28 Ekim 2014 tarihinde saat 12:00 sularında maden işçilerinin yemek molası verdiği saatlerde, önceden üretim yapılmış - eski imalat - olarak tabir edilen alanda birikmiş olan yaklaşık 10.000 metreküp su, üretim yapılan ve işçilerin çalıştığı bölgelere dolmuş ve 18 maden emekçisi su altında kalmıştır. Olay anından bu ana kadar yaklaşık olarak 72 saat geçmesine rağmen, işçilerin bulunduğu tahmin edilen bölümlere ve işçilere ulaşılamamıştır.
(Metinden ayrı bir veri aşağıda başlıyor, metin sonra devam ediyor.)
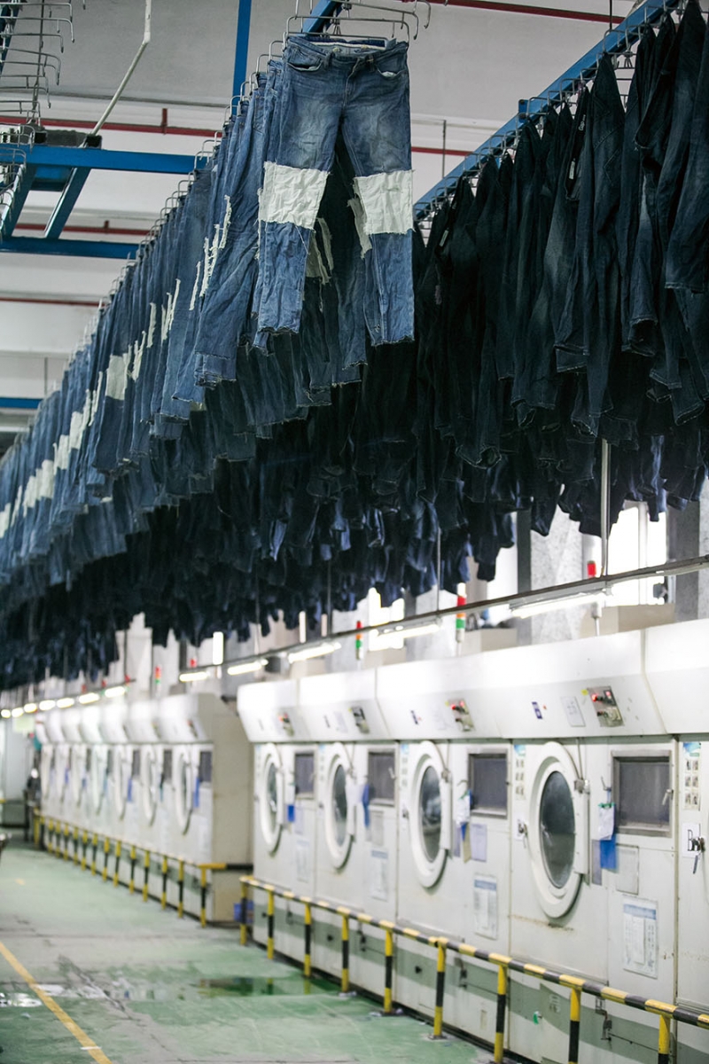 然而,選擇牛仔褲作為環保系列的品項,不免也招來質疑聲浪,因為要製造一條牛仔褲,必須耗費大量能源,而過程中所使用的化學物質與噴砂,更有危害工人健康的隱憂,為了解除我們的疑慮,這次BRAND特別前進H&M位在廣州的牛仔褲合作生產工廠,試圖尋找答案(註2)。

İşçiler Ölüyor, İktidar Seyrediyor!
6331 sayılı İş Sağlığı ve Güvenliği Kanunu'nun yürürlüğe girmesinden bugüne kadar yaşananlarla, kanunun ve uygulamalarının sloganı olarak belirlenen Güvenle Büyü Türkiye sözü İşçi Mezarlığı Türkiye söylemine dönüşmüştür.
Soma katliamının hemen ardından, başlangıçta 16 madde olarak hazırlanan ve kısa sürede tamamlanarak yürürlüğe sokulması planlanan Soma Yasası, ancak 5 ay sonra ve yaklaşık 160 maddeye ulaşan bir torba yasa olarak çıkarılmıştır.
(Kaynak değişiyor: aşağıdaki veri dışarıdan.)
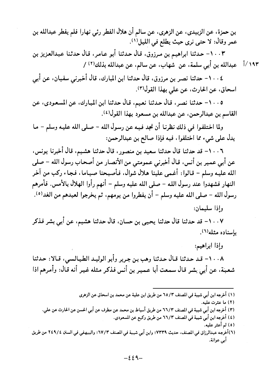 1006 - فإِذَا صَالِحُ بْنُ عَبْدِ الرَّحْمَنِ قَدْ حَدَّثَنَا، قَالَ: حَدَّثَنَا سَعِيدُ بْنُ مَنْصُورٍ، قَالَ: حَدَّثَنَا هُشَيْمٌ، قَالَ: أَخْبَرَنَا يُونُسُ، عَنْ أَبِي عُمَيْرِ بْنِ أَنَسٍ، قَالَ: أَخْبَرَنِي عُمُومَتِي مِنَ الأَنْصَارِ مِنْ أَصْحَابِ رَسُولِ اللهِ صَلَّى اللَّهُ عَلَيْهِ وَسَلَّمَ، قَالُوا: " أُغْمِيَ عَلَيْنَا هِلالُ شَوَّالٍ، فَأَصْبَحْنَا صِيَامًا، فَجَاءَ رَكْبٌ مِنْ آخِرِ النَّهَارِ، فَشَهِدُوا عِنْدَ رَسُولِ اللهِ صَلَّى اللَّهُ عَلَيْهِ وَسَلَّمَ أَنَّهُمْ رَأَوُا الْهِلالَ بِالأَمْسِ، فَأَمَرَهُمْ رَسُولُ اللهِ صَلَّى اللَّهُ عَلَيْهِ وَسَلَّمَ أَنْ يُفْطِرُوا مِنْ يَوْمِهِمْ، ثُمَّ يَخْرُجُوا لِعِيدِهِمْ مِنَ الْغَدِ " وإِذَا سليمَان

Yasa, yeraltı maden işçilerinin ücretleri ve çalışma saatlerinde kısmi düzenlemeler dışında, böyle katliamların bir daha yaşanmaması için dersler çıkarılacak hiçbir metin içermemektedir. Bu torba yasa ile aslında maden emekçilerine; eğer şanslı isen, patronun işyerini kapatma blöfünü çekmemişse ve çalışmaya devam ediyorsan, servis ve yemek ücretini cebinden ödeyip iki asgari ücretle ölmeye devam et denmiştir.
Ermenek faciasından sonra kamuoyuna yansıyanlar; işveren baskısı, işçilerin açlık veya madende ölme ikilemi arasında kalarak köle gibi çalıştırılması olmuştur. 12 yıllık AKP iktidarı ile daha da pervasızlaşan sermaye ve iktidarı, işçilerin, emekçilerin kanı üzerinden beslenmeye devam etmektedir. AKP iktidarının sadık sürdürücüsü olduğu neoliberal politikalar ve uygulamalar bu iş cinayetlerinin başlıca nedenidir. Ucuz işgücü ve emek sömürüsü üzerine kurulmuş sermaye birikim modeli sürdürüldüğü müddetçe bu katliamlar devam edecektir. Bu vahşi kapitalizm uygulamalarına bir an önce son verilmelidir.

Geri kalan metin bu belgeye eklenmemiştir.